Onderwerp: Bezoek-historie

RSJ 12/2394/TB - tussenbeslissing, 11 december 2012, beroep
Uitspraakdatum:11-12-2012

Dit onderwerp bevat de volgende rubrieken.

Uitspraak

nummer: 12/2394/TB - tussenbeslissing

betreft: [klager] datum: 11 december 2012

De beroepscommissie als bedoeld in artikel 69 van de Beginselenwet verpleging ter beschikking gestelden (Bvt) heeft kennisgenomen van een bij het secretariaat van de Raad ingekomen beroepschrift, ingediend door mr. H.S.K. Jap-A-Joe, namens

[...], verder te noemen klager,

gericht tegen een beslissing van 20 juli 2012 van de Staatssecretaris van Veiligheid en Justitie, verder te noemen de Staatssecretaris,

alsmede van de overige stukken, waaronder de bestreden beslissing.

Ter zitting van de beroepscommissie van 8 november 2012, gehouden in de penitentiaire inrichtingen (p.i.) Amsterdam Over-Amstel, zijn gehoord klager, bijgestaan door zijn raadsvrouw mr. H.S.K. Jap-A-Joe, en namens de Staatssecretaris [...], werkzaam
bij
de Dienst Justitiële Inrichtingen van het ministerie van Veiligheid en Justitie.

Op grond van haar onderzoek overweegt en beslist de beroepscommissie als volgt:

1. De inhoud van de bestreden beslissing
De Staatssecretaris heeft beslist klager te plaatsen in een longstayvoorziening van FPC de Pompestichting (hierna: de Pompestichting) waarbij het individuele beveiligingsniveau is vastgesteld op gemiddeld.

2. De feiten
Klager is bij onherroepelijke uitspraak van 1 maart 1982 veroordeeld tot een onvoorwaardelijke gevangenisstraf voor de duur van een jaar en zes maanden en ter beschikking gesteld (tbs) met bevel tot verpleging van overheidswege. Klagers tbs is op 16
maart 1982 aangevangen. Op 26 oktober 1994 is klager geplaatst in het FPC Oldenkotte. Deze inrichting heeft klager op 7 augustus 2002 aangemeld voor plaatsing op een longstay-afdeling.
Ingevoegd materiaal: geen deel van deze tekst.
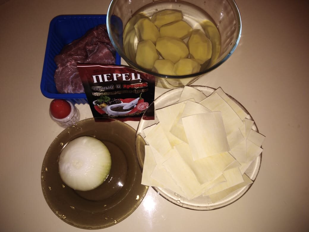 До встречи с мужем, с этим блюдом я знакома не была. Да и сейчас его готовит только он. Родился он в северном Казахстане, оттуда, собственно и рецепт, там его готовят достаточно часто. Список продуктов: Мясо нарезаем на средние кусочки Закидываем в казан мясо и одну луковицу целиком, солим. Варим 1,5-2 часа. Сварившееся мясо извлекаем из казана, луковицу оставляем в бульоне. В бульон опускаем картофель и варим его до готовности. После того, как картофель сварился, мы его вынимаем, вареную луковицу выкидываем и в этот же бульон опускаем сочни. Их нужно постоянно помешивать, чтобы они не слиплись. Перед тем как вынуть их из казана, разрезаем вторую луковицу четвертинками, достаточно крупно. Но кому не нравится крупный лук, можно измельчить по сильнее. Часть свежего лука кладем в тарелку, заливаем бульоном и перчим. Муж называет это - сурпа. В нее макают ингредиенты бешбармака, едят ложкой в прикуску, как суп. Вообще его подают в большом общем блюде, в порционном виде получается вот т
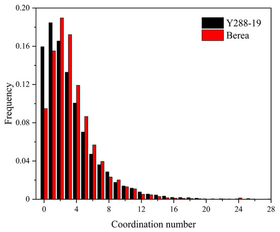 It can be seen from Figure 11 that the overall coordination number of tight sandstone Y288-19 is significantly smaller than that of homogeneous sandstone Berea, indicating that the pore connectivity of tight sandstone is poor, which is also an important reason for the low permeability of tight sandstone.

Klager is bij besluit van 17 maart 2003 geplaatst in een
longstayvoorziening van de Pompestichting.
Bij advies van 16 november 2011 van de Landelijke Adviescommissie Plaatsing (LAP) is geoordeeld dat op grond van geldend psychiatrisch inzicht in alle redelijkheid kan worden vastgesteld dat hervatting van een op verandering gerichte behandeling niet
zinvol is en dat op dit moment geen mogelijkheid wordt gezien voor een uitstroomtraject van klager. Voorts is opgemerkt dat er geen reden is te twijfelen aan de inhoud van het verlengingsadvies van 3 februari 2010 omdat sprake is van een formeel
gebrek,
welke gebrek op 8 augustus 2011 is hersteld. Vervolgens is klager gehoord over de voorgenomen voortzetting van de plaatsing in een longstayvoorziening. De bestreden beslissing van de Staatssecretaris is op 5 december 2011 genomen. Op 20 juli 2012 is
een
nieuwe beslissing genomen, waarbij klager andermaal werd geplaatst in de longstayvoorziening van de Pompestichting en waarbij het individuele beveiligingsniveau is vastgesteld op gemiddeld.

3. De standpunten
Door en namens klager is het beroep als volgt toegelicht. Het beroep richt zich enkel tegen het beveiligingsniveau. De inrichting heeft een laag beveiligingsniveau geadviseerd. De LAP daarentegen adviseert een gemiddeld beveiligingsniveau. Voor klager
is niet helder op basis waarvan de Staatssecretaris meent dat aan het LAP-advies een zwaarder gewicht moet worden toegekend dan aan het advies van de inrichting. Het vastgestelde beveiligingsniveau is een criterium voor de mogelijkheid van het indienen
van een aanvraag tot het verlenen van een machtiging voor begeleid verlof. Het vaststellen van klagers beveiligingsniveau als gemiddeld heeft voor klager als directe consequentie dat hij niet meer op begeleid verlof kan. Tijdens de door hem in het
verleden genoten begeleide verloven hebben zich nimmer incidenten voorgedaan. Dit betroffen begeleide verloven met twee begeleiders. Klager ziet niet in waarom dit thans anders zou zijn. Doordat klager niet meer op begeleid verlof kan is de kwaliteit
van leven voor klager gedaald tot het nulpunt. De (nieuwe) regeling is dermate inhumaan, dat deze door klager als een straf wordt ervaren. Klagers laatste begeleid verlof was in juni 2012. Het nieuwe beleid van de Staatssecretaris is ingegeven door
de
veiligheid van de samenleving, maar klager meent dat ook zijn belang van gewicht in de schaal legt. Klager gebruikt geen libidoremmende medicatie, omdat onduidelijk is wat de effecten daarvan zijn. Ook zijn hieraan bijwerkingen verbonden. Tevens komt
uit de rapportage van 21 juni 2012 naar voren dat bij klager van libidoremmende medicatie weinig effect is te verwachten. Dit motiveert klager evenmin.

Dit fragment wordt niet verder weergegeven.